131008 19:27:19 [Note] WSREP: (42794e56-300e-11e3-9431-5a351eb5fbb0, 'tcp://0.0.0.0:4567') reconnecting to 255f747f-2ebf-11e3-ab78-ef46ed89d801 (tcp://176.X.X.66:4567), attempt 0
131008 19:27:19 [Note] WSREP: (42794e56-300e-11e3-9431-5a351eb5fbb0, 'tcp://0.0.0.0:4567') turning message relay requesting off
131008 19:27:22 [Note] WSREP: (42794e56-300e-11e3-9431-5a351eb5fbb0, 'tcp://0.0.0.0:4567') turning message relay requesting on, nonlive peers: tcp://176.X.X.66:4567
131008 19:27:23 [Note] WSREP: (42794e56-300e-11e3-9431-5a351eb5fbb0, 'tcp://0.0.0.0:4567') reconnecting to 255f747f-2ebf-11e3-ab78-ef46ed89d801 (tcp://176.X.X.66:4567), attempt 0
131008 19:27:36 [Note] WSREP: (42794e56-300e-11e3-9431-5a351eb5fbb0, 'tcp://0.0.0.0:4567') reconnecting to 20af6d6d-2ebf-11e3-903a-e2b3dfdc1cb2 (tcp://95.X.X.218:4567), attempt 0
131008 19:27:36 [Note] WSREP: (42794e56-300e-11e3-9431-5a351eb5fbb0, 'tcp://0.0.0.0:4567') turning message relay requesting off
131008 19:27:37 [Note] WSREP: evs::proto(42794e56-300e-11e3-9431-5a351eb5fbb0, OPERATIONAL, view_id(REG,20af6d6d-2ebf-11e3-903a-e2b3dfdc1cb2,97)) suspecting node: 20af6d6d-2ebf-11e3-903a-e2b3dfdc1cb2
131008 19:27:37 [Note] WSREP: evs::proto(42794e56-300e-11e3-9431-5a351eb5fbb0, OPERATIONAL, view_id(REG,20af6d6d-2ebf-11e3-903a-e2b3dfdc1cb2,97)) suspecting node: 255f747f-2ebf-11e3-ab78-ef46ed89d801
131008 19:27:38 [Note] WSREP: view(view_id(NON_PRIM,20af6d6d-2ebf-11e3-903a-e2b3dfdc1cb2,97) memb {
42794e56-300e-11e3-9431-5a351eb5fbb0,
} joined {
} left {
} partitioned {
20af6d6d-2ebf-11e3-903a-e2b3dfdc1cb2,
255f747f-2ebf-11e3-ab78-ef46ed89d801,
})
131008 19:27:38 [Note] WSREP: New COMPONENT: primary = no, bootstrap = no, my_idx = 0, memb_num = 1
131008 19:27:38 [Note] WSREP: view(view_id(NON_PRIM,42794e56-300e-11e3-9431-5a351eb5fbb0,98) memb {
42794e56-300e-11e3-9431-5a351eb5fbb0,
} joined {
} left {
} partitioned {
20af6d6d-2ebf-11e3-903a-e2b3dfdc1cb2,
255f747f-2ebf-11e3-ab78-ef46ed89d801,
})
131008 19:27:38 [Note] WSREP: Flow-control interval: [16, 16]

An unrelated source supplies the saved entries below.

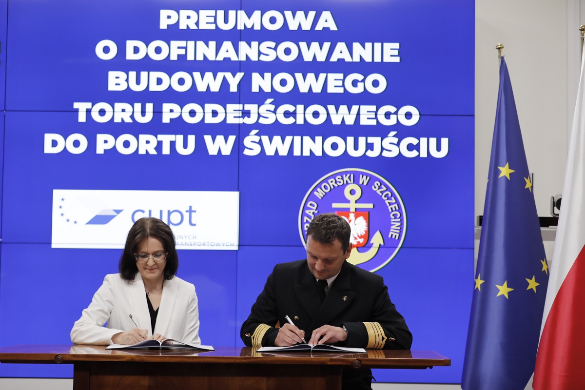 W porcie w Świnoujściu powstanie nowy tor podejściowy – we wtorek minister funduszy i polityki regionalnej Grzegorza Puda uczestniczył w uroczystości podpisania pre-umowy dofinansowania zadania pn. „Przeprowadzenie prac dla umożliwienia transportu wodnego do Portu Zewnętrznego w Świnoujściu”. Umowa została zawarta pomiędzy Centrum Unijnych Projektów Transportowych a Dyrektorem Urzędu Morskiego w Szczecinie, który będzie odpowiadał za realizację zadania. Całkowita wartość zadania objętego dofinansowaniem wynosi 7,33 mld zł, z czego około 2,8 mld zł to wsparcie ze środków unijnych.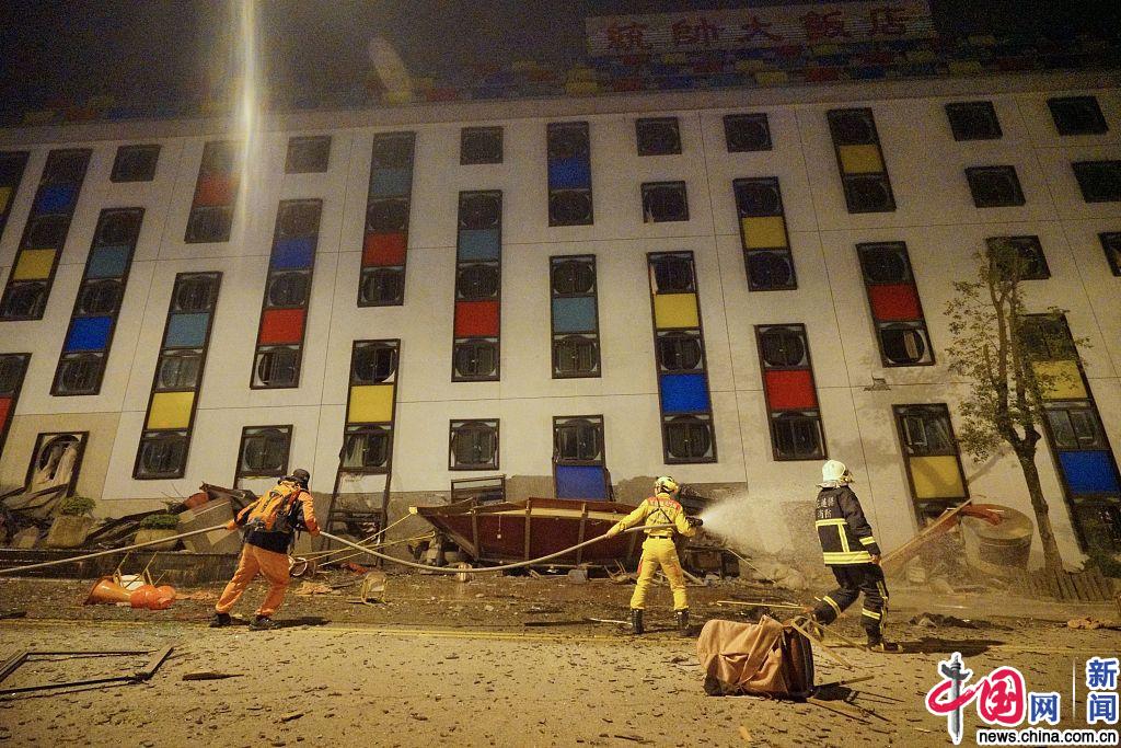 2018年2月7日,花莲,救援人员在地震废墟中搜救。6日深夜,花莲县附近海域(北纬24.13度、东经121.71度)发生6.5级地震,震源深度11.0公里。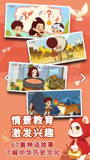 通过神话故事引出汉字,感受中国文化,激发孩子的识字兴趣。让孩子在故事的引导下,自发地学习。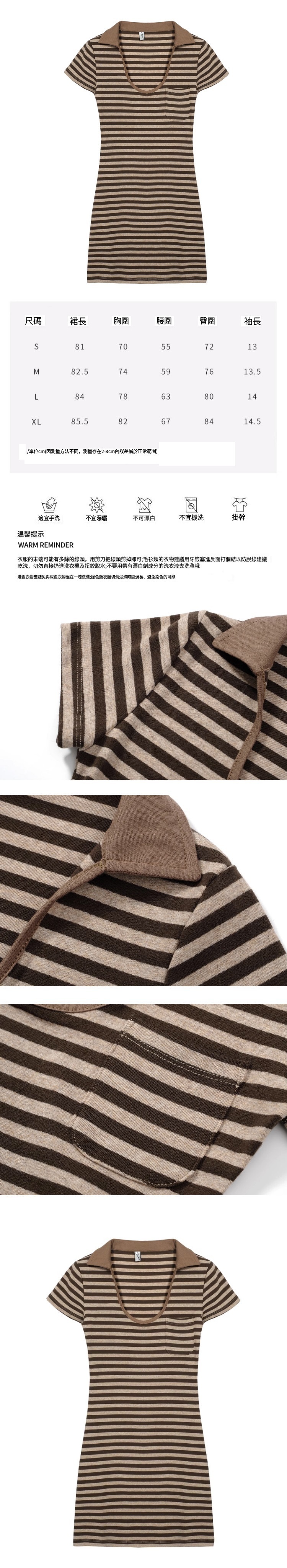 熱賣領咖啡色條紋連衣裙(咖啡色)(S-XL碼)(下單後聯絡客服確認發貨尺碼)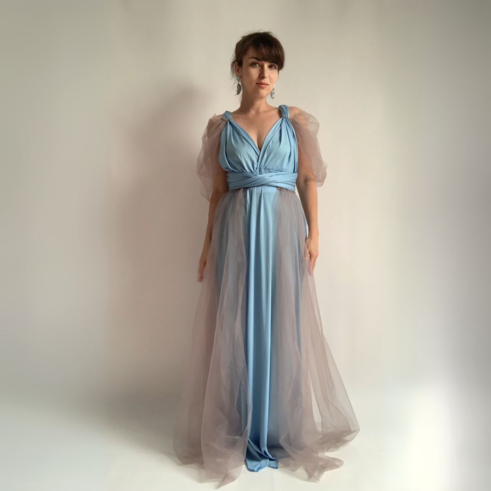 Tento komplet z CREATIVE COLLECTION je sada variabilních dlouhých šatů z kolekce Bohème NILPLA®, tylové rozhrnovací sukně a tylových rukávků.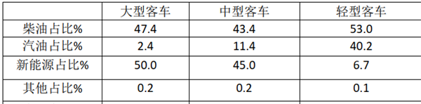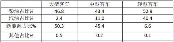 由上表可知,无论是今年6月还是1-6月,新能源在大型客车中占比最高(主要还是新能源大型公交多),次高是在中型客车中;在轻型客车占比最小;柴油类在轻型客车中占比最高,其次是在中型客车中;汽油类主要是在轻型客车中占比较高,其次是在中型客车中(主要是一些前置的中型商务接待车型,如7米丰田考斯特、宇通T7等)。

131008 19:27:38 [Note] WSREP: Received NON-PRIMARY.
131008 19:27:38 [Note] WSREP: Shifting SYNCED -> OPEN (TO: 1526)
131008 19:27:38 [Note] WSREP: New COMPONENT: primary = no, bootstrap = no, my_idx = 0, memb_num = 1
131008 19:27:38 [Note] WSREP: Flow-control interval: [16, 16]
131008 19:27:38 [Note] WSREP: New cluster view: global state: 18f7464c-2cee-11e3-0800-6a67365ca6cb:1526, view# -1: non-Primary, number of nodes: 1, my index: 0, protocol version 2
131008 19:27:38 [Note] WSREP: wsrep_notify_cmd is not defined, skipping notification.
131008 19:27:38 [Note] WSREP: Received NON-PRIMARY.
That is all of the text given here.